I used an immersion chiller for the for the first time on the weekend, have been using the no chill method up until now, just wondering about the trub (congealed proteins and that not) that precipitates out of solution and whether or not it's OK to go into the fermentor or not. When using the no chill method it usually settles out in my cube so it never went into the fermentor, where as with cooling the wort rapidly the particles are smaller and somewhat suspended in solution.

Cheers

Aaron
 
I usually leave a portion behind but the trub is proteins and hops. Hops never hurt anyone and proteins add to head retention. I have poured the lot in previously with no issue, now I get a portion in but leave some behind. I wouldn't worry too much.
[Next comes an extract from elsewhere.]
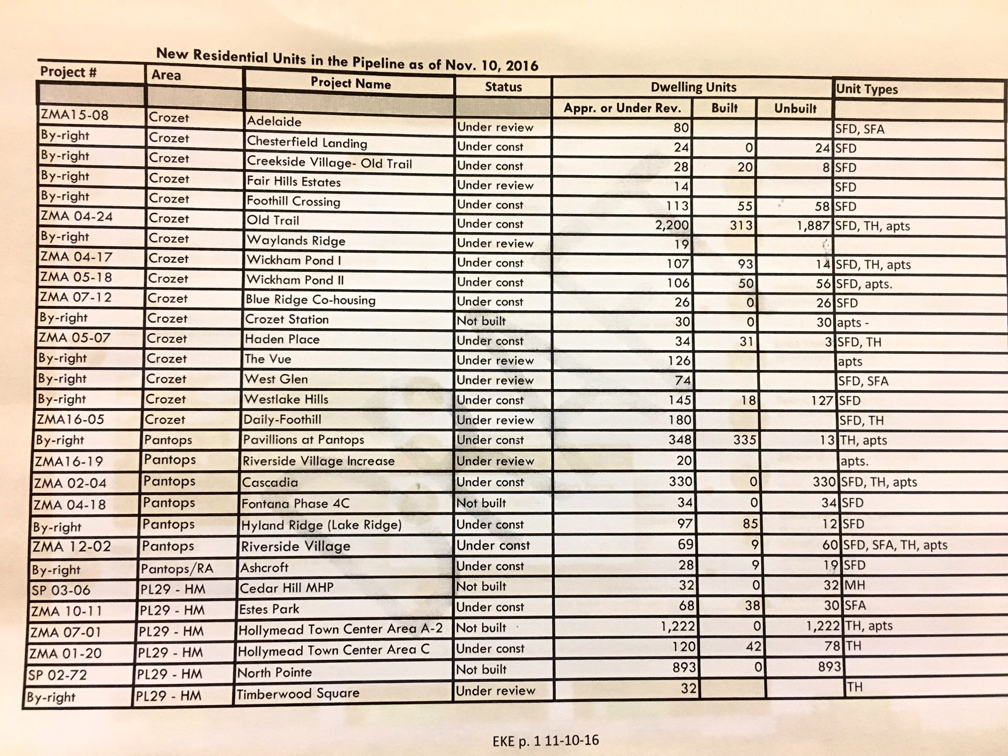 - Pipeline of homes in Crozet

If you want you can use whirlfoc/irish moss/koppafloc and/or whirlpool which helps concentrate the break material and hop trub so it's easier to avoid and leave behind.
 
yeah i use Irish moss and now that i have a brew fridge will be adding gelatin and all that jazz, any idea on how you get around the percipitating problem when using a plate chiller ? would it get clogged as I'm thinking of buying a mashmaster one sometime after christmas

Aaron
 
This article provides a pretty decent explaination...

http://brewingtechniques.com/library/backi....2/barchet.html

If you use an immersion chiller in your kettle, add some whirlfloc 15min before flameout, then chill, then whirlpool and drain through your tap... most of the cold trub and hops should be left behind.

Personally, I only NC now and have fermented directly in the NC cube.. or racked into a fermentor (leaving cold trub behind). Both method produce similar results.
 
yeah i use Irish moss and now that i have a brew fridge will be adding gelatin and all that jazz, any idea on how you get around the percipitating problem when using a plate chiller ? would it get clogged as I'm thinking of buying a mashmaster one sometime after christmas

Aaron

Sorry can't help. I chill in a bath full of frozen PET bottles.

The effect of irish moss is separate to the effect of gelatin and cold conditioning though. Irish moss is a kettle fining that helps coagulate the proteins which in turn makes it easier to leave break material behind.

Gelatin/isinglass and cold conditioning help drop out the yeast. Both have an effect on the clarity of liquid but at different points and for different reasons.